Work to complete — Output the complete listing exactly, please, and keep the pictures out of it.

The data —
────────────────
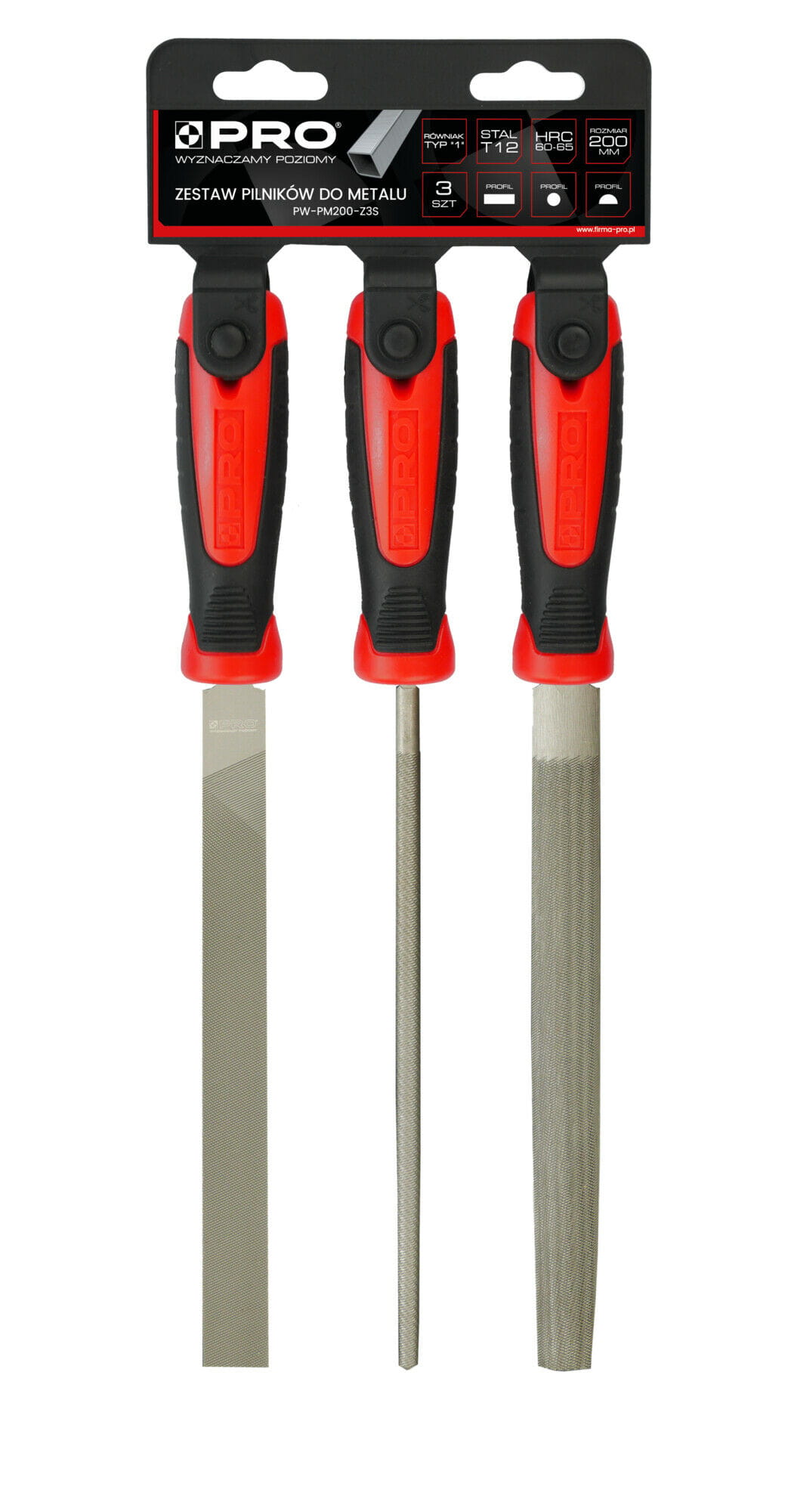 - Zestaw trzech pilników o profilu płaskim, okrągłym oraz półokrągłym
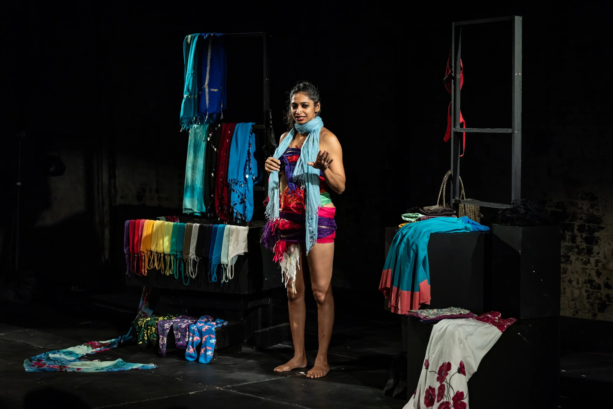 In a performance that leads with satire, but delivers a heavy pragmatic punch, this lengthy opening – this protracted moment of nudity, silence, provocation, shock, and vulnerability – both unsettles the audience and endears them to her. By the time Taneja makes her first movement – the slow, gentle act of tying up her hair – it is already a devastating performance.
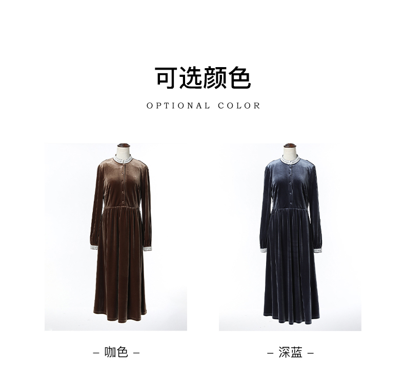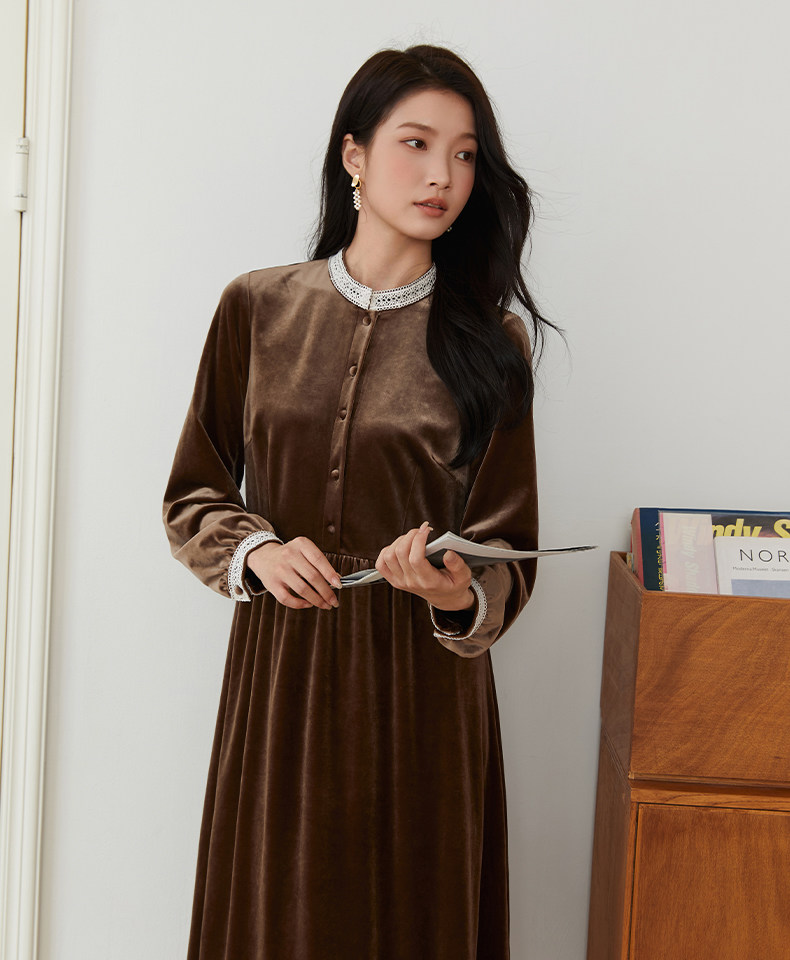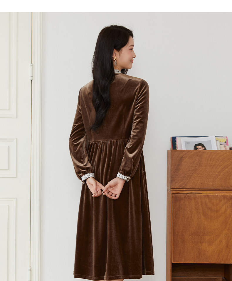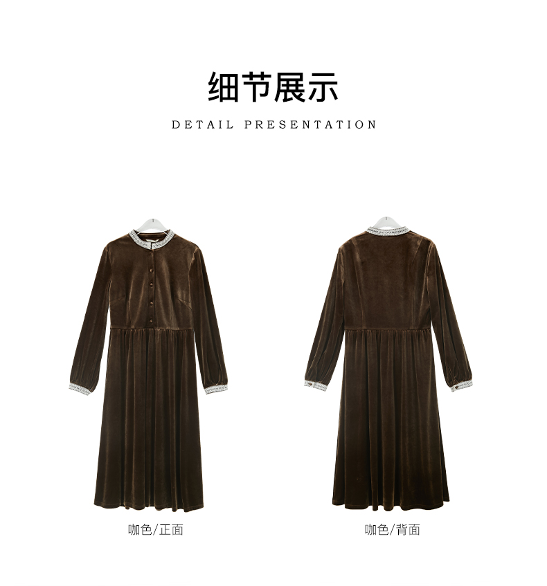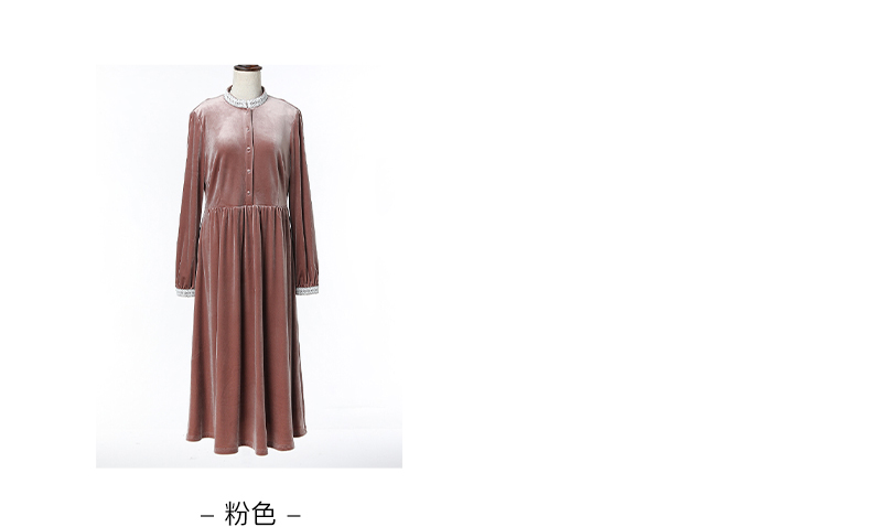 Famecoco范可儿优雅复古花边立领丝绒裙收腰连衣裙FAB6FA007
────────────────
Output below —
 - Zestaw trzech pilników o profilu płaskim, okrągłym oraz półokrągłym
 In a performance that leads with satire, but delivers a heavy pragmatic punch, this lengthy opening – this protracted moment of nudity, silence, provocation, shock, and vulnerability – both unsettles the audience and endears them to her. By the time Taneja makes her first movement – the slow, gentle act of tying up her hair – it is already a devastating performance.
 Famecoco范可儿优雅复古花边立领丝绒裙收腰连衣裙FAB6FA007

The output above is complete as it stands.